Étude n'a pas indiqué que les animaux ou les insectes transportent et écartent le norovirus humain. Par conséquent, les scientifiques soupçonnent que les sources des manifestations puissent être les gens qui ont des infections persistantes de norovirus mais n'aient pas des sympt40mes, tels que la douleur abdominale, la nausée, la diarrhée et le vomissement. La Vierge et son équipe ont décidé d'explorer cette possibilité en étudiant un modèle de souris de l'infection continuelle de norovirus.
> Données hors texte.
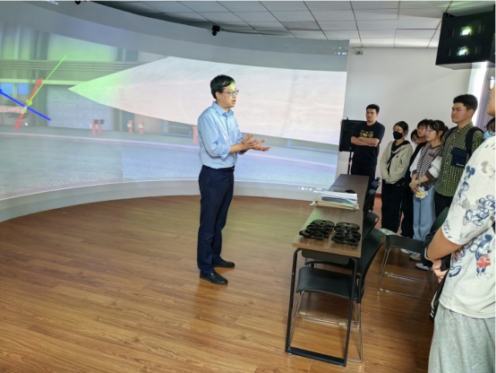 在机房,杏建军副院长结合卫星导航实验设备,生动地为同学们介绍了我国北斗卫星导航系统发展历程、构造原理、性能优势以及其战略意义;在认知实验室,运载火箭、各型导弹、人造卫星、空间站、无人机,罗世彬院长同刘俊老师一道,为同学们呈现了一场精彩纷呈的视听盛宴;在虚拟仿真实验室,同学们戴上3D眼镜,在科幻的世界里,身临其境地感受了一把遨游太空的乐趣;在科教楼负一层的实验室,同学们更是登上飞行模拟器,“飞”向蓝天,“真实”地领略到搏击长空、壮志凌云的酣畅淋漓。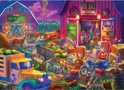Színes, részletgazdag jelenet – „For Sale” feliratú pajta, haszonállatok, terméssel megrakott régi teherautó és szezonális dekorációk. Ideális a vidéki témák és a kidolgozott illusztrációk kedvelőinek.

Dans les tests complémentaires, les scientifiques ont trouvé qu'ils pourraient remettre les infections de norovirus en transplantant le matériau fécal des souris non traitées dans les souris qui plus tôt avaient été traitées avec des antibiotiques. Les greffes ont contenu les bactéries éliminées par les antibiotiques.

Les scientifiques ont également recherché des protéines de souris essentielles à éviter des infections continuelles de norovirus. Ils ont constaté qu'une protéine réceptrice pour un facteur inflammatoire immunisé connu sous le nom d'interféron lambda a été exigée pour que des antibiotiques évitent l'infection. Donner aux souris l'infection également évitée de norovirus de l'interféron lambda, la proposant devrait également être évalué comme demande de règlement pour le norovirus.

Dans la deuxième étude, les chercheurs d'université de Washington rapportés que la demande de règlement avec de l'interféron lambda offre à un avantage important : Elle évite non seulement le début des infections persistantes de norovirus mais élimine également des infections persistantes déterminées. C'était vrai même chez les souris manquant des cellules immunitaires que la pensée de scientifiques étaient essentielle à supprimer des viraux infection.

« Je crois qui est un concept neuf en immunologie, » ai dit la Vierge. « Nous avons pensé que l'interféron lambda et d'autres molécules relatives dans le système immunitaire pourraient seulement contenir des viraux infection jusqu'à d'autres pièces du système immunitaire, y compris des anticorps et des cellules de T, avons terminé la fonction. »

Les chercheurs ont spéculé que d'autres virus et bactéries peuvent former les partenariats symbiotiques assimilés chez l'homme.

« Nous avons besoin d'une compréhension beaucoup plus détaillée comment le traitement antibiotique affecte les tiges parmi l'hôte, les bactéries et le virus, » de Virgin avons dit.